Reuters spoke with Bill Murray and Chloe Sevigny, who portray police, and Tilda Swinton, who plays a mysterious funeral parlor worker, about the film's albeit lighthearted environmentalism.

Below are edited excerpts.

 

TILDA SWINTON

 

Q: Why is environmentalism such a key theme here?

 

A: "It's the landscape of the film, it very often is in zombie films ... (they) are a very useful kind of Trojan Horse to talk about society's relationship with itself and the environment. But I would say it's whatever anybody sees in it and this is a landscape that really concerns Jim and all of us."

 

Q: What do you do personally to be environmentally friendly?

 

A: "I would like to fly a great deal less. I think we should all fly less anyway for about a million different reasons and not only to do with the effect of it on our planet but also on our bodies."

 

BILL MURRAY

 

Q: What do you do to be environmentally friendly?

 

A: "I'm no hero but I tried to give up plastic bottles about three or four years ago.
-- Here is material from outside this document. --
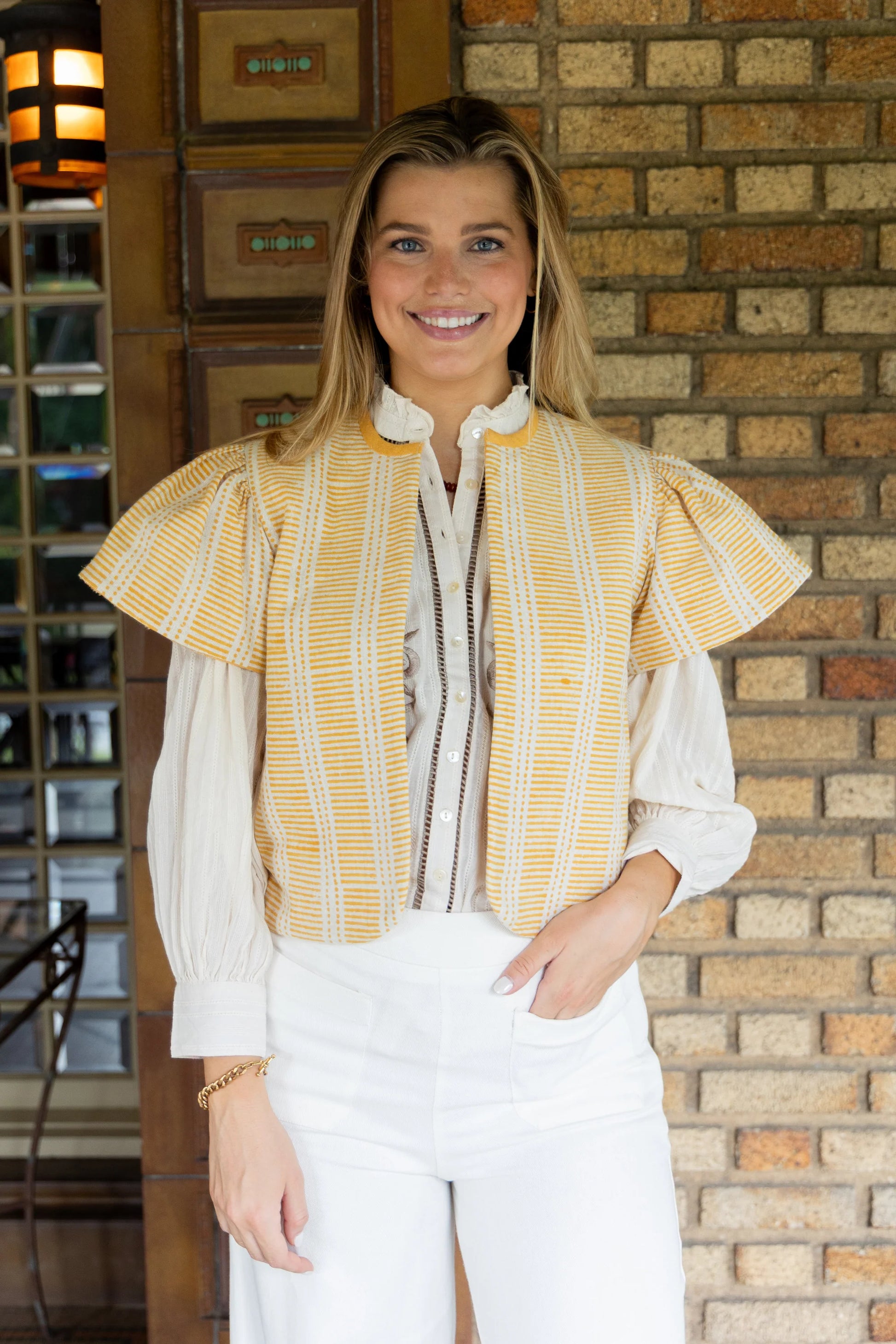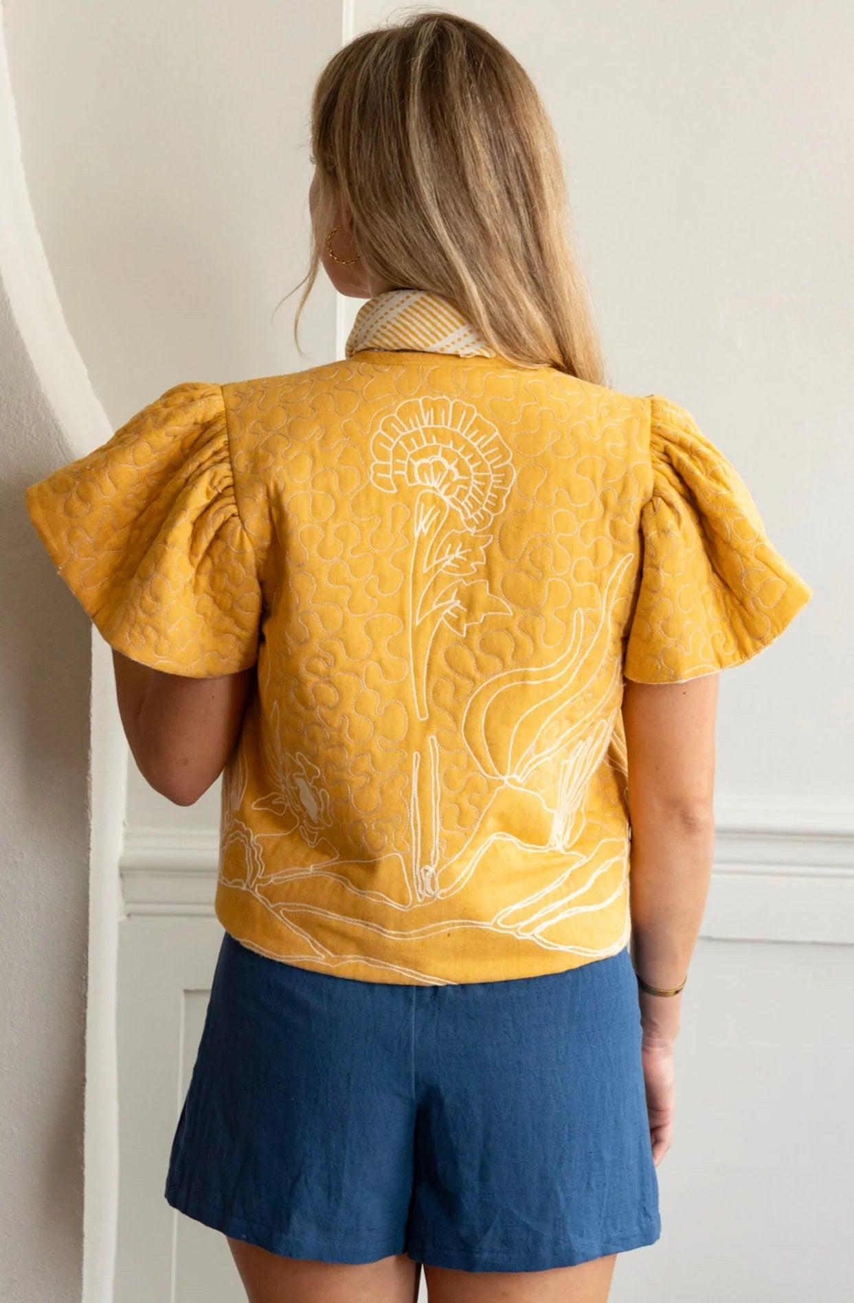 The Darby Reversible Vest, inspired by a vintage design, offers versatile elegance with its soft amber yellow cotton fabric. One side showcases delicate embroidered flowers, while the reverse features a refined handblock print of lines and dots. With graceful flutter sleeves and a flattering hip-length cut, it layers beautifully over tanks or long sleeves. Perfect for transitioning seamlessly from fall through spring and summer, this vest invites you to express your unique style with effortless sophistication.

I think I've had about four since the situation arose, I either had to take medicine or something like that ... I realized I was drinking probably 100 plastic bottles of water a month. I thought, well, that's 1,200 a year, at least. And that's one person. So I gave up and stopped it and I find that glass bottle water tastes better."

 

CHLOE SEVIGNY

 

Q: As someone associated with fashion, what do you do for the environment?

 

A: "I try not to use any single-use plastic and not use the dryer, take quick showers. It's all the little things that one can do one hopes will accumulate in some way.

 

"Flying is always one of the worst and that's unfortunately unavoidable in my line of work but I do compost in Manhattan and buy mostly recycled clothes. I'm trying to just not consume as much as maybe I have in the past and just try and spread that word to especially young girls. I'm somewhat of a fashion icon and I try encourage people to buy vintage or buy slightly used."